Much love and appreciation to all of you.
Also, if you haven’t subscribed. Please subscribe.
This week, I’ve most enjoyed Tenth of December: Stories by George Saunders, and if you’re a writer and you haven’t subscribed to the George Saunders Substack, you’re missing out.
This is such an insightful edition! You are confronting one of the great plagues of our time: external validation. I have struggled a lot with it myself. It is funny though, when I started my own newsletter, I hardly told anyone. I just needed to write for myself, and I wanted a public place to do it so that if people remarked how they missed my presence on social media or missed my columns from a local newspaper (which I get from time to time), I could then direct them to my newsletter. Anyway, I still get bouts of the EV sickness in the forms of “I should be getting paid for (fill in the blank),” and “people should call me.” Both are kind of ludicrous ideas for me because I need to not have much income to remain in my long term care program, and I am very capable of reaching out to people as well.
Anyway, I think that in order to get a lot of subscribers to a Substack newsletter, a writer must spend more time marketing than they spend writing. That is the nature of the beast. While thoughtful, introspective writing is its own reward, it feels good when we know others are getting something out of it as well.
There is also this other plague: TL;DR (too long; didn’t read). No acronym infuriates me more. The fact that so many people aren’t willing to read more than sound bites is just so irksome. I can understand attention deficit; I suffer from that myself these days. But I feel it is important to take time and really read written works with substance.
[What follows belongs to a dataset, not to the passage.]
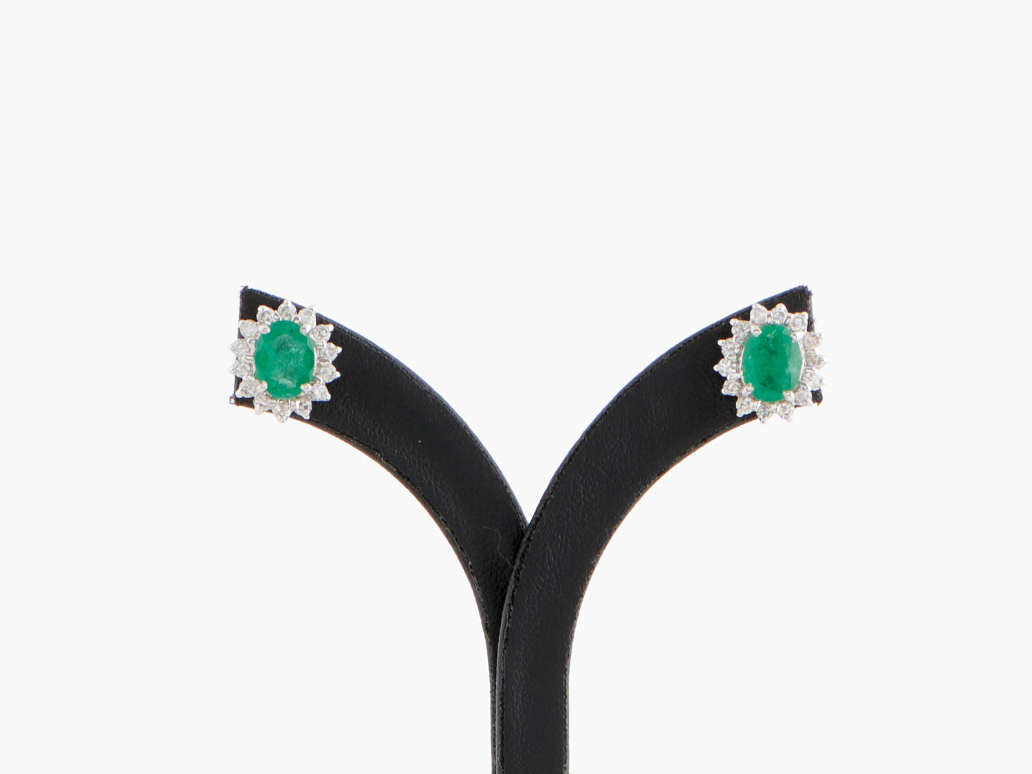 A PAIR OF EMERALD AND DIAMOND SET EAR STUDS TO POST AND BUTTERFLY FITTINGS IN 18CT WHITE GOLD, THE EMERALDS WEIGHING 2.80CTS, THE DIAMONDS WEIGHING 0.78CTS, SIZE 11 X 13MM, WEIGHT 3.89GMS, WITH VALUATION

Too post TL;DR is so passive aggressive, but I know the sentiment is felt far more than it is voiced (and yes, I have received that stamp of disapproval, and it hurts). The content that generates the most likes on social media are often memes that are the equivalent of poorly written picture books that exist by sheer virtue of plagiarism. I don’t get it. I think anytime someone actually goes to the bother of creating their own content, it is so much more deserving of my attention.
My new thing to distract myself from the anxiety of this Amy, is to interview other early stage Creators. I try to do a zoom call a week now. Realistically, I may have to quit Substack as I'm not seeing the ROI. But that's the thing with writing, I've been feeling and saying those things for 15 years! haha.